→ Problem description
Your job is to return each record exactly, minus any pictures.

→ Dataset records
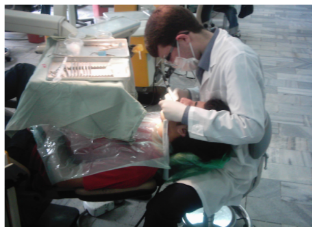
شکل ۴- نمونه‌ای از وضعیت بدن دانشجویان در حین انجام کار به وضعیت گردن که از حالت طبیعی خارج شده توجه کنید.

این روش در یک مشاهده کوتاه مدت می‌تواند پوسترچر افراد را ارزیابی کند. در این روش قسمت‌های مختلف بدن برای آنالیز در دو گروه A و B قرار می‌گیرند. در گروه A پوسترچر تنه، گردن و پاها قرار می‌گیرند. مقدار بار و نیرو نیز ثبت می‌شود. در گروه B بازوها، ساعد و نحوه اتصال دست با وسیله قرار دارند. این اطلاعات توسط روش مشاهده مستقیم به دست می‌آید. زمان مشاهده برای هر پوسترچر کاری ۳۰ دقیقه می‌باشد. برای ارزیابی دقیق‌تر از هر پوسترچر کاری یک یا چند عکس تهیه می‌شود (شکل ۴). پس از بررسی پوسترچر افراد، نمره نهایی REBA به دست می‌آید که عددی بین ۱ تا ۱۵ برای هر سمت بدن می‌باشد. بر اساس این نمره پوزیشن فرد به ۵ رتبه تقسیم می‌شود که بر اساس آن سطح خطر و میزان نیاز به اصلاح پوزیشن فرد تعیین می‌شود. به طور مثال اگر پوزیشن فرد به گونه‌ای باشد که نمره آن ۱۲ باشد، این فرد در سطح خطر بالایی از لحاظ ابتلا به بیماری‌های اسکلتی عضلانی قرار دارد و نیاز فوری به اصلاح وضعیت بدن خود در حین کار دارد.
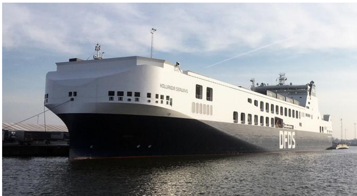
HOLLANDIA SEAWAYS van DFDS garriveerd te Gent

HOLLANDIA SEAWAYS, IMO 9832585, 22-11-2018 kiel gelegd, 9-10-2019 opgeleverd door Jinling Shipyard (JLZ9160410) als HOLLANDIA SEAWAYS aan DFDS A/S, Kopenhagen-Denemarken. 60.465 GT, 38.119 NT, 17.048 DWT. 235,00 (232,00) x 33,03 x 9,10 x 7,400 meter. 6.400 meter opstellengte. 10-2019 van Yizheng, China. 19-10-2019 van Singapore via Kaap de Goede Hoop naar Vlaardingen, 22-11-2019 ETA te Vlaardingen. 20-11-2019 op Hoek van Holland Anchorage. 22-11-2019 te Vlaardingen. 23-11-2019 van Immingham naar Gothenborg, 25-11-2019 te Gothenborg. 29-11-2019 gedoopt HOLLANDIA SEAWAYS door Ragna Alm, echtgenote van Roger Alm, President of Volvo Trucks. 30-11-2019 van Gothenborg naar Gent. Ingezet op de dienst Gothenborg-Gent. (Foto: R.P. van de Wetering, 22-11-2019)
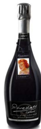
Colecció GR Cartells i Plaques modernistes Xarel·lo, Parellada
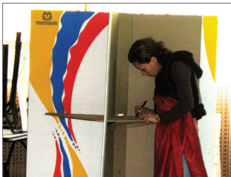
El próximo 28 de octubre es la oportunidad para votar por los candidatos a las Gobernaciones, Asambleas, Alcaldías, Concejos y Juntas Administradoras Locales que apoya la CUT, en esta edición especial reseñamos a quienes durante su trayectoria laboral se han comprometido con nuestra causa social y política; ellos nos representarán y consolidarán como una gran fuerza luchadora y propositiva.
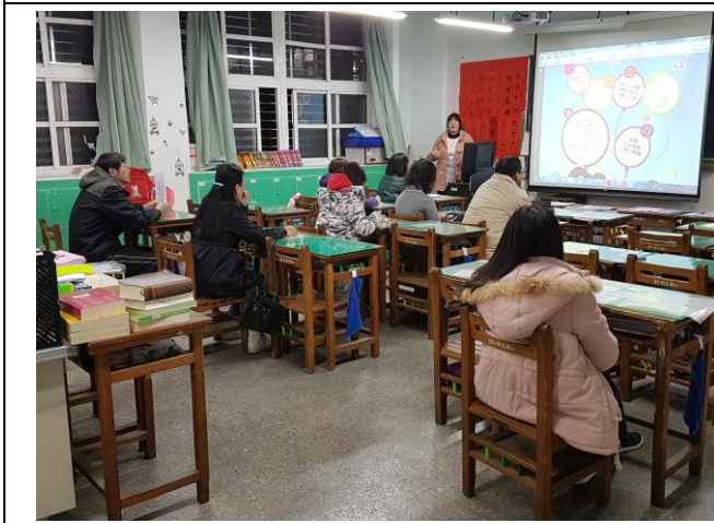
107/03/09 下學期家長日活動
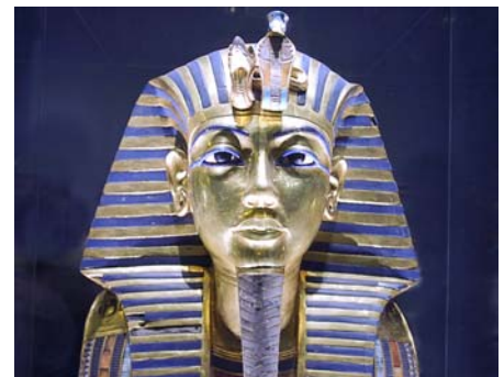
Tutenchamun im ägyptologischen Museum Kairo
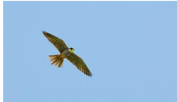
Adulter Baumfalke

geführt hat. Auch bei den Bruten auf Hochspannungsmasten geht eine vermutete Bestandszunahme mit einer gezielten Nachsuche bei Leitungstrassen einher (z.B. in Sachsen, zum Teil mit Hilfe von Hubschrauberflügen).
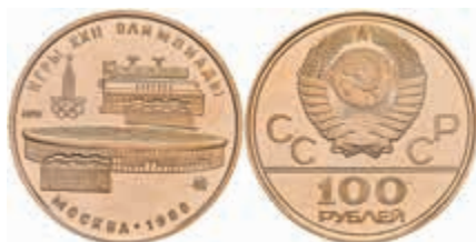
998 100 Rubel, 1/2 oz Gold, 1978, Moskau, Leninstadion, KM 163, mit Zertifikat, in Kapsel, Fingerabdrücke, PP. 700,—
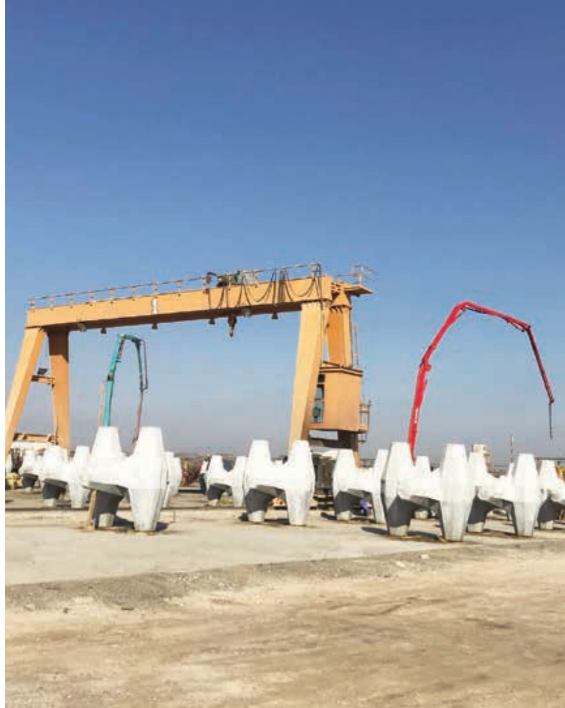
به‌ندهری فاو به‌سره
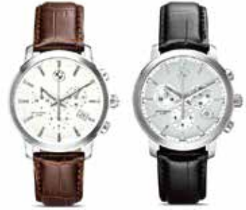
ブラウン・レザー

ストラップはブラック・レザー(牛革)文字盤にシルバーのBMWロゴ世界最大の時計専門店TOURNEAUと開発、製作／BMWギフト・ボックス入り／ケース直径:約40mm／駆動方式:スイスRONDA社製ムーブメント／素材:ステンレス・スチール・ケース／防水機能10気圧／30,700円(税抜)
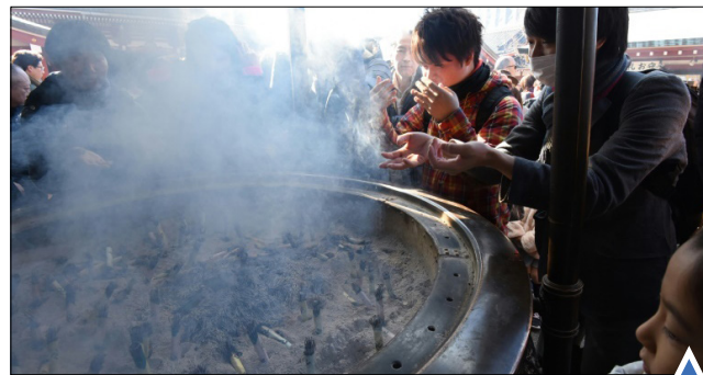
مراسم سال نوی میلادی در معبدی
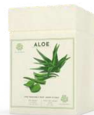
BOX 3 SAPONI SOLIDI 150 GR CAD
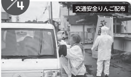
交通安全りんご配布
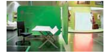
Zukunftsweisende Gestaltungsleistungen: Der internationale Designpreis wird jährlich vom Design Center Stuttgart verliehen. (12)

Fragen zu den verschiedensten Gestaltungsdisziplinen. Sein Auftrag ist Wirtschaftsförderung in dem Sinne, dass es kleinen und mittleren Unternehmen Orientierung gibt, wenn sie ihre Produktentwicklung und den gesamten Unternehmensauftritt verbessern wollen. Das Design Center vergibt den Internationalen Designpreis Baden-Württemberg für Profis sowie den Mia-Seeger-Preis für Nachwuchs-Designer. Die internationale Konferenz „Face to Face“ ist eine der renommiertesten Grafikdesignveranstaltungen im deutschsprachigen Raum. In vielen weiteren Ausstellungen, Vorträgen und Workshops greift das Design Center Stuttgart aktuelle Gestaltungsthemen auf. Herausragend ist beispielsweise die Reihe „Management und Design“, die zeigt, dass auch Design eine Managementaufgabe ist und nur dann zum Erfolgsfaktor wird, wenn es enger Bestandteil der strategischen Ausrichtung von Unternehmen ist.
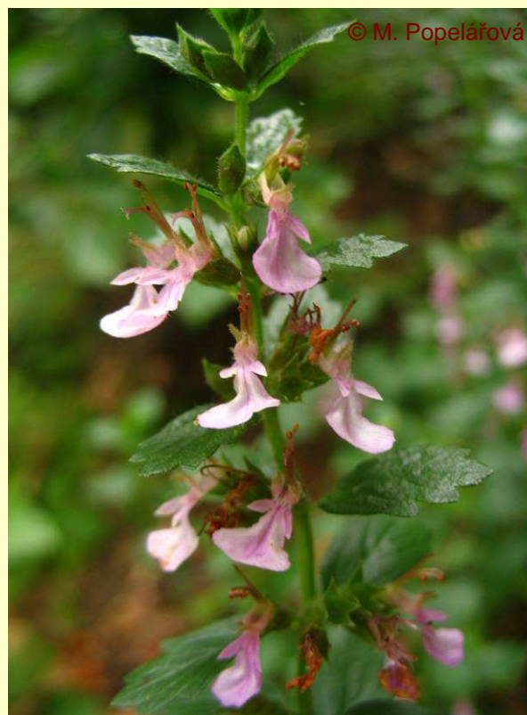
Teucrium chamaedrys (C4a)

Sanguisorba minor Sedum sexangulare Traunsteinera globosa Teucrium chamaedrys – 22 populací (3095 prýtů) Trifolium ochroleucon – 330 exemplářů
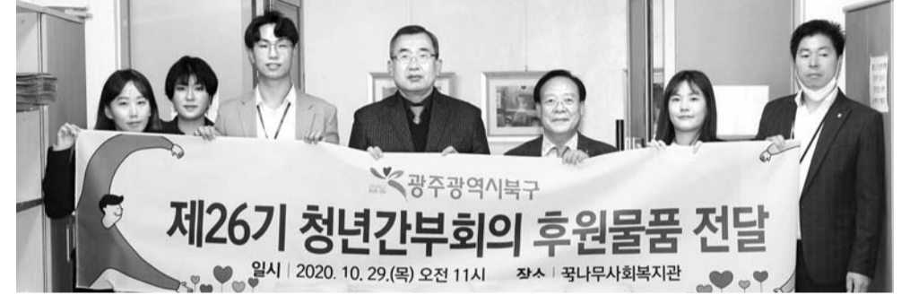
광주시 북구(구청장 문인) 제26기 청년간부회의가 최근 코로나19 여파로 어려운 복지시설에 후원물품을 전달했다. 청년간부회의는 지난달 석고방향제를 직접 제작한 뒤 구 직원에게 판매해 100만원의 성금을 마련하고, 북구에 있는 복지기관을 찾아가 성금으로 구입한 쌀 50포를 전달했다.
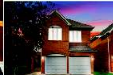
Mississauga 4BR 3Bath - Coming Soon!
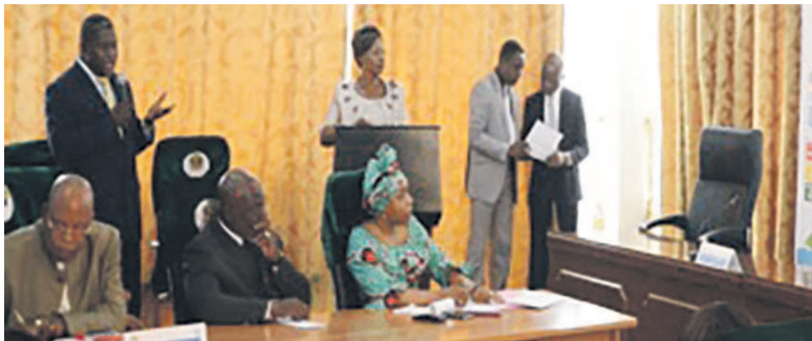
Les officiels pendant la présentation des rapports

Le recensement général de l'agriculture a eu lieu et les premiers résultats ont été annoncés, grâce au soutien de l'Undaf. C'est le même cas dans le domaine de
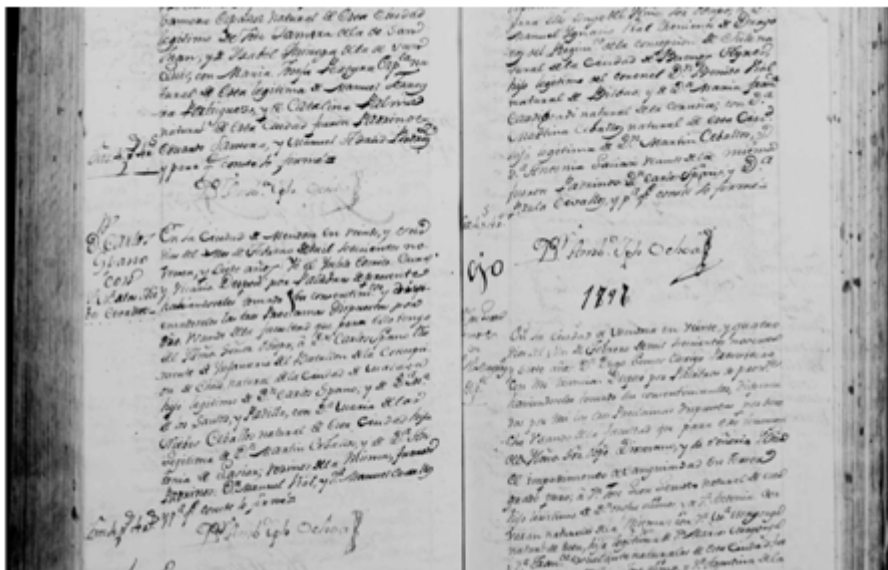
Argentina, Mendoza, Registros parroquiales, 1665-1975. San Nicolás de Tolentino, Matrimonios 1775-1814, Imagen 325.

→ Task output
شکل ۴- نمونه‌ای از وضعیت بدن دانشجویان در حین انجام کار به وضعیت گردن که از حالت طبیعی خارج شده توجه کنید.

این روش در یک مشاهده کوتاه مدت می‌تواند پوسترچر افراد را ارزیابی کند. در این روش قسمت‌های مختلف بدن برای آنالیز در دو گروه A و B قرار می‌گیرند. در گروه A پوسترچر تنه، گردن و پاها قرار می‌گیرند. مقدار بار و نیرو نیز ثبت می‌شود. در گروه B بازوها، ساعد و نحوه اتصال دست با وسیله قرار دارند. این اطلاعات توسط روش مشاهده مستقیم به دست می‌آید. زمان مشاهده برای هر پوسترچر کاری ۳۰ دقیقه می‌باشد. برای ارزیابی دقیق‌تر از هر پوسترچر کاری یک یا چند عکس تهیه می‌شود (شکل ۴). پس از بررسی پوسترچر افراد، نمره نهایی REBA به دست می‌آید که عددی بین ۱ تا ۱۵ برای هر سمت بدن می‌باشد. بر اساس این نمره پوزیشن فرد به ۵ رتبه تقسیم می‌شود که بر اساس آن سطح خطر و میزان نیاز به اصلاح پوزیشن فرد تعیین می‌شود. به طور مثال اگر پوزیشن فرد به گونه‌ای باشد که نمره آن ۱۲ باشد، این فرد در سطح خطر بالایی از لحاظ ابتلا به بیماری‌های اسکلتی عضلانی قرار دارد و نیاز فوری به اصلاح وضعیت بدن خود در حین کار دارد.
HOLLANDIA SEAWAYS van DFDS garriveerd te Gent

HOLLANDIA SEAWAYS, IMO 9832585, 22-11-2018 kiel gelegd, 9-10-2019 opgeleverd door Jinling Shipyard (JLZ9160410) als HOLLANDIA SEAWAYS aan DFDS A/S, Kopenhagen-Denemarken. 60.465 GT, 38.119 NT, 17.048 DWT. 235,00 (232,00) x 33,03 x 9,10 x 7,400 meter. 6.400 meter opstellengte. 10-2019 van Yizheng, China. 19-10-2019 van Singapore via Kaap de Goede Hoop naar Vlaardingen, 22-11-2019 ETA te Vlaardingen. 20-11-2019 op Hoek van Holland Anchorage. 22-11-2019 te Vlaardingen. 23-11-2019 van Immingham naar Gothenborg, 25-11-2019 te Gothenborg. 29-11-2019 gedoopt HOLLANDIA SEAWAYS door Ragna Alm, echtgenote van Roger Alm, President of Volvo Trucks. 30-11-2019 van Gothenborg naar Gent. Ingezet op de dienst Gothenborg-Gent. (Foto: R.P. van de Wetering, 22-11-2019)
Colecció GR Cartells i Plaques modernistes Xarel·lo, Parellada
El próximo 28 de octubre es la oportunidad para votar por los candidatos a las Gobernaciones, Asambleas, Alcaldías, Concejos y Juntas Administradoras Locales que apoya la CUT, en esta edición especial reseñamos a quienes durante su trayectoria laboral se han comprometido con nuestra causa social y política; ellos nos representarán y consolidarán como una gran fuerza luchadora y propositiva.
107/03/09 下學期家長日活動
Tutenchamun im ägyptologischen Museum Kairo
Adulter Baumfalke

geführt hat. Auch bei den Bruten auf Hochspannungsmasten geht eine vermutete Bestandszunahme mit einer gezielten Nachsuche bei Leitungstrassen einher (z.B. in Sachsen, zum Teil mit Hilfe von Hubschrauberflügen).
998 100 Rubel, 1/2 oz Gold, 1978, Moskau, Leninstadion, KM 163, mit Zertifikat, in Kapsel, Fingerabdrücke, PP. 700,—
به‌ندهری فاو به‌سره
ブラウン・レザー

ストラップはブラック・レザー(牛革)文字盤にシルバーのBMWロゴ世界最大の時計専門店TOURNEAUと開発、製作／BMWギフト・ボックス入り／ケース直径:約40mm／駆動方式:スイスRONDA社製ムーブメント／素材:ステンレス・スチール・ケース／防水機能10気圧／30,700円(税抜)
مراسم سال نوی میلادی در معبدی
BOX 3 SAPONI SOLIDI 150 GR CAD
交通安全りんご配布
Zukunftsweisende Gestaltungsleistungen: Der internationale Designpreis wird jährlich vom Design Center Stuttgart verliehen. (12)

Fragen zu den verschiedensten Gestaltungsdisziplinen. Sein Auftrag ist Wirtschaftsförderung in dem Sinne, dass es kleinen und mittleren Unternehmen Orientierung gibt, wenn sie ihre Produktentwicklung und den gesamten Unternehmensauftritt verbessern wollen. Das Design Center vergibt den Internationalen Designpreis Baden-Württemberg für Profis sowie den Mia-Seeger-Preis für Nachwuchs-Designer. Die internationale Konferenz „Face to Face“ ist eine der renommiertesten Grafikdesignveranstaltungen im deutschsprachigen Raum. In vielen weiteren Ausstellungen, Vorträgen und Workshops greift das Design Center Stuttgart aktuelle Gestaltungsthemen auf. Herausragend ist beispielsweise die Reihe „Management und Design“, die zeigt, dass auch Design eine Managementaufgabe ist und nur dann zum Erfolgsfaktor wird, wenn es enger Bestandteil der strategischen Ausrichtung von Unternehmen ist.
Teucrium chamaedrys (C4a)

Sanguisorba minor Sedum sexangulare Traunsteinera globosa Teucrium chamaedrys – 22 populací (3095 prýtů) Trifolium ochroleucon – 330 exemplářů
광주시 북구(구청장 문인) 제26기 청년간부회의가 최근 코로나19 여파로 어려운 복지시설에 후원물품을 전달했다. 청년간부회의는 지난달 석고방향제를 직접 제작한 뒤 구 직원에게 판매해 100만원의 성금을 마련하고, 북구에 있는 복지기관을 찾아가 성금으로 구입한 쌀 50포를 전달했다.
Mississauga 4BR 3Bath - Coming Soon!
Les officiels pendant la présentation des rapports

Le recensement général de l'agriculture a eu lieu et les premiers résultats ont été annoncés, grâce au soutien de l'Undaf. C'est le même cas dans le domaine de
Argentina, Mendoza, Registros parroquiales, 1665-1975. San Nicolás de Tolentino, Matrimonios 1775-1814, Imagen 325.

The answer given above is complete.